Tim Duncan is San Antonio Spurs basketball.

Except he almost wasn't.

Deadspin brought a nice reminder of that time when Duncan nearly pulled a Kevin Durant and bailed on the Spurs to join a "super-team" in Orlando back in 2000. From an NBA.com article back in 2010:

"I came close to leaving," said Duncan.

How close?

"Real close."

...

"It was a nerve-wrecking time," (Gregg) Popovich admitted.

"It was hell. You get close to a player and you don't want to see him leave. I never let myself believe he was going to stay. I was just getting myself prepared, for sanity reasons. It's no fun.

"It also seems like it takes forever to resolve. That's the worst part of it. We made our pitch to him and let him be, let him make up his own mind."

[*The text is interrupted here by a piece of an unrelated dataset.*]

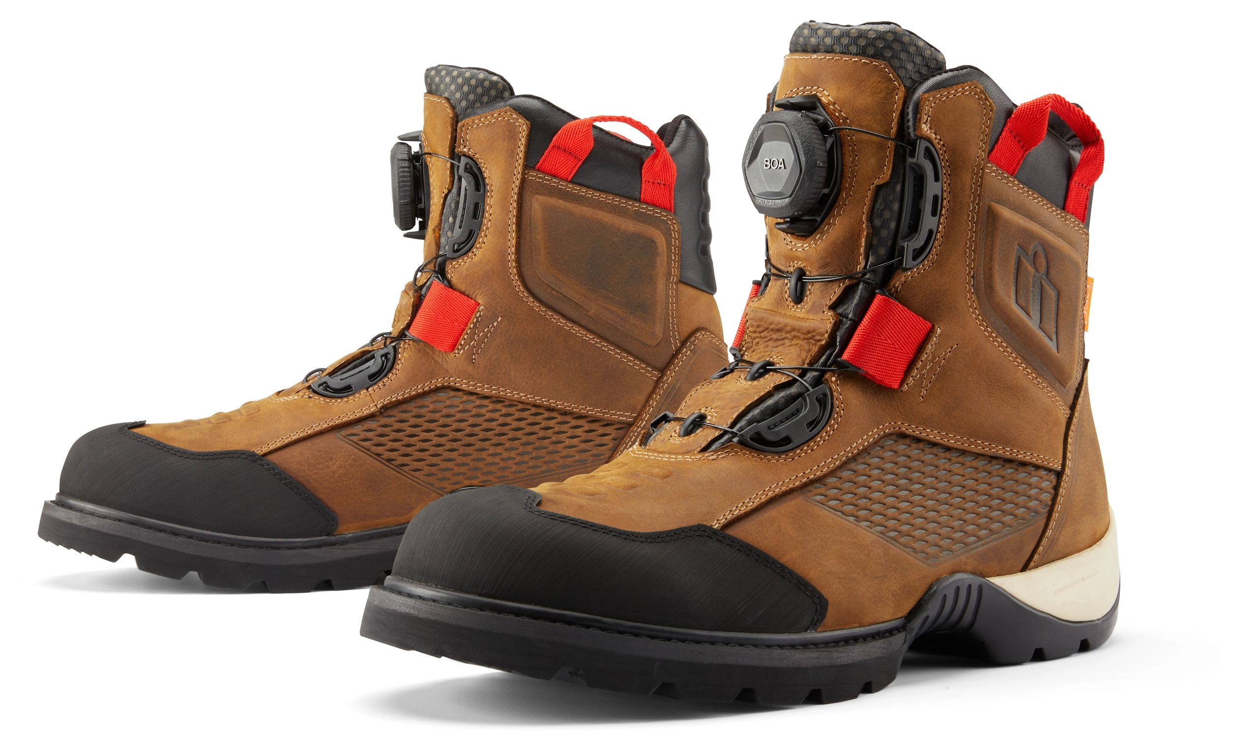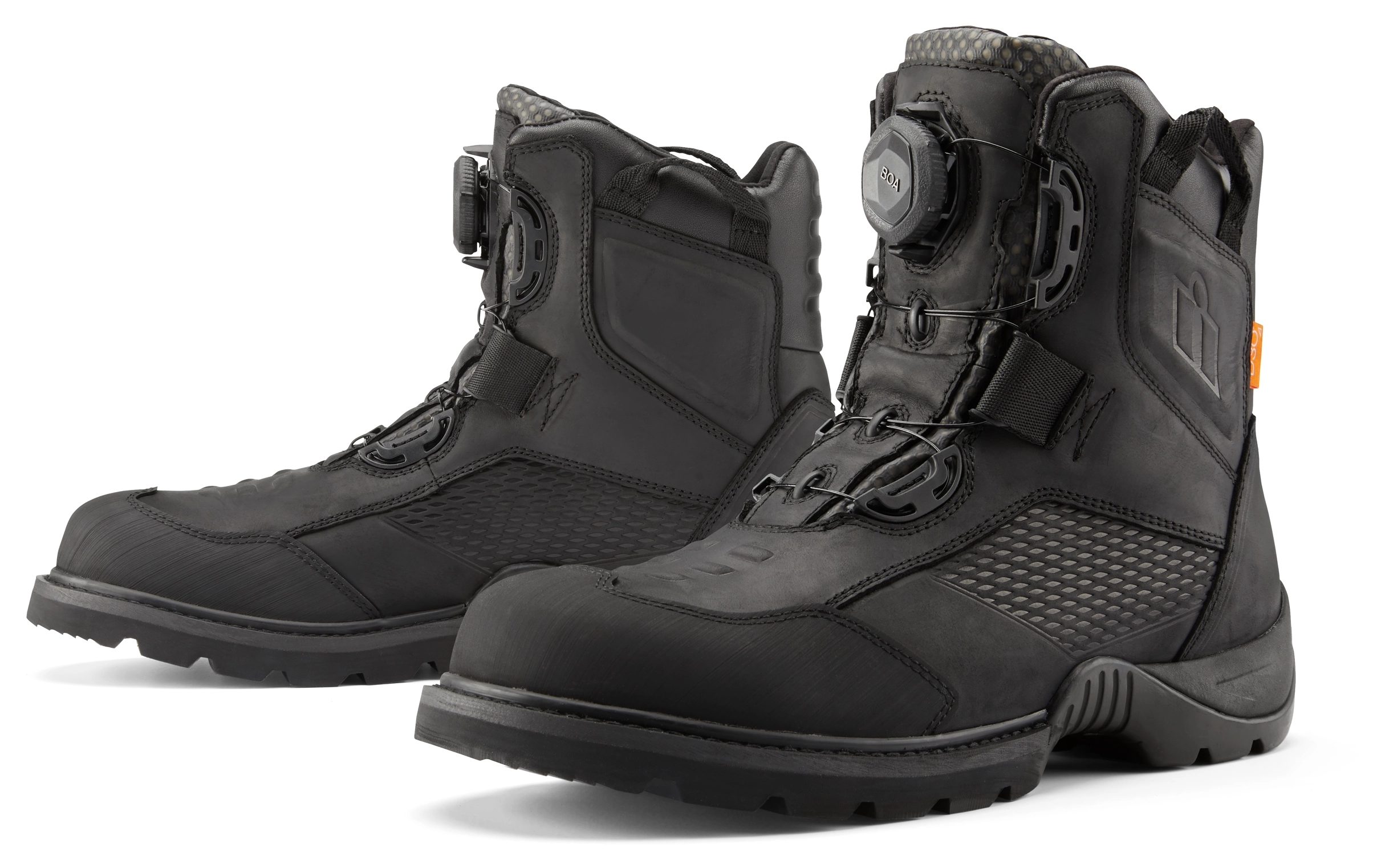 The Icon Stormhawk Boots are constructed from a premium leather upper featuring a water-resistant finish combined with an eVent Waterproof/Breathable liner for the ultimate in four-season comfort and function. A highly-lugged outsole provides certified motorcycle performance with an oil and slip-resistant rubber. The BOA lacing system allows for easy on and off while allowing a truly custom fit. Internally the Stormhawk boots feature dual D3O inserts to provide ankle coverage. Reinforced rubber toe-cap, reflective accents and shifter interface nubs complete the overachieving, any-condition Stormhawk Waterproof riding boot.

Source: NBA.com: Duncan's near-departure from Spurs worth reviewing.`

It wouldn't have just been Duncan and Grant Hill, though. Tracy McGrady also joined that year. They would have formed a super-team that at the time was as incredible as the 2011 Heat, though not as star-packed as the Kevin Durant Warriors. Deadspin found this incredible quote from McGrady:

"Once Grant and I get here, this will definitely be the city. The East is locked up. If Duncan comes here, it will be scary.[...]

"It will be unfair to the league if all three of us come here. We have the East. We'll be playing the Lakers for years."

Source: Remember When Tim Duncan Almost Signed With The Magic?.

That's not "Not one, not two, not three, not four..." like LeBron James' infamous press conference intro quote, but it's up there.

It's also notable that Duncan made this decision coming off his rookie contract; restricted free agency had not yet been implemented in the collective bargaining agreement. Nowadays, even if Duncan wanted to leave, he would have signed his max offer sheet with Orlando, and then watched San Antonio sprint to the fax machine to match the offer immediately and retain Duncan.

The Magic wouldn't have just gotten Tim Duncan, they would have gotten him at 24 years old.

Obviously, everything changes if Duncan goes to Orlando. The Spurs likely fall into a prolonged period of searching for that next star and it might have cost Gregg Popovich his job; he likely does not become arguably the greatest coach in the sport's history. Tony Parker and Manu Ginobili? Their careers are radically different.

Tim Duncan nearly left the Spurs in 2000. USATSI

Depending on how far you want to go down the rabbit hole, imagine this: Duncan goes to Orlando, which forces other teams to react, and suddenly rosters start changing. Teams get better, worse, a few games swing a different way, and perhaps at the end of it the 2003 draft order is altered. Maybe LeBron doesn't go to Cleveland. Maybe Carmelo never ends up in Denver, or D-Wade in Miami. If D-Wade isn't in Miami, then that super-team with LeBron and Chris Bosh -- if it even would've come together in the first place -- would've had to happen somewhere else.

You could go forever with this, and none of it is entirely implausible. All it took was Tim Duncan saying he felt more "comfortable" in San Antonio for the entire NBA to align differently over the next sixteen years. (Sixteen!)

In the end, the better story was this one, though. Duncan cemented a legacy in San Antonio, and changed what the franchise is synonymous with, forever. He built a kingdom in south Texas, something that was both sustainable and incredible. Retiring with the same team that drafted him altered his legacy forever and made his legend that much greater.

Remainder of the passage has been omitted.